Read On...Life Stories

Read On...Life Stories
Author: Rosalind Reisner
Publisher: Libraries Unlimited
Total Pages: 200
Release: 2009-09-23
Genre: Language Arts & Disciplines
ISBN:

Download Read On...Life Stories Book in PDF, Epub and Kindle

Scores of appeal-based reading lists cover topics you'll never find in the library catalog—from extraordinary women and overcoming adversity to sports talk, spiritual journeys, and luminous prose. With the genre of memoirs filled with so many titles and from such a variety of authors, it is hard to grasp what's available and what's worth reading.
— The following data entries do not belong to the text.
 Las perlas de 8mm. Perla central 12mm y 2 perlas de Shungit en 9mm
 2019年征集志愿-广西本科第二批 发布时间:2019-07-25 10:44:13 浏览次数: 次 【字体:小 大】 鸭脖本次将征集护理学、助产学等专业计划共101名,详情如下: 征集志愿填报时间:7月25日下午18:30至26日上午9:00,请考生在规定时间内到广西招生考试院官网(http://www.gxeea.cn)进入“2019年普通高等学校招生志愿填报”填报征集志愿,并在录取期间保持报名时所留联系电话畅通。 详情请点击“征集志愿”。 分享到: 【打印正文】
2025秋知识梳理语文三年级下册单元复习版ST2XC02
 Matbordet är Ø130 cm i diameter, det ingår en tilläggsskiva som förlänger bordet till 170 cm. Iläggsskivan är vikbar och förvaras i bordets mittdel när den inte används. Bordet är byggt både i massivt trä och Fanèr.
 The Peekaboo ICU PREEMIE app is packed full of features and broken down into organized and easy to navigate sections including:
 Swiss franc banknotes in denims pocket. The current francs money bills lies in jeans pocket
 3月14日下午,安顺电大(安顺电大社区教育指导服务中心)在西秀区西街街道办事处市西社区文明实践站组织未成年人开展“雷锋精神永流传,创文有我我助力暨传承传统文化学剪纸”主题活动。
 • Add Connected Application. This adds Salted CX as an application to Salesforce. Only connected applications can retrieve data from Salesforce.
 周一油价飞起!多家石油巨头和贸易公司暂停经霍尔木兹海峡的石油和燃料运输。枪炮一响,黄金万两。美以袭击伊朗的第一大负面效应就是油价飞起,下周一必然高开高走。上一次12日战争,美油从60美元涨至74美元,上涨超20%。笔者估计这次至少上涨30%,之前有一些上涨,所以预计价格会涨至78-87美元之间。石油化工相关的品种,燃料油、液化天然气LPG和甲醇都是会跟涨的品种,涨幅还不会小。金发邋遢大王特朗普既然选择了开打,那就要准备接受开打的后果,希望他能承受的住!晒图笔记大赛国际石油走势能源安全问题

For all those who love delving into the lives of others, this Read On... volume offers help. Read On...Life Stories: Reading Lists for Every Taste offers brief descriptions of nearly 450 published memoirs, from classics like The Autobiography of Benjamin Franklin, to recent bestsellers like John Grogan's Marley and Me and Julie Andrews' Home. Titles are grouped together by their appeal to readers, and there is something for everyone: humorous memoirs, thrilling adventure stories, chatty celebrity reminiscences, cathartic dramas of family dysfunction, fascinating career retrospectives, and insightful stories of family and personal lives in many eras and places.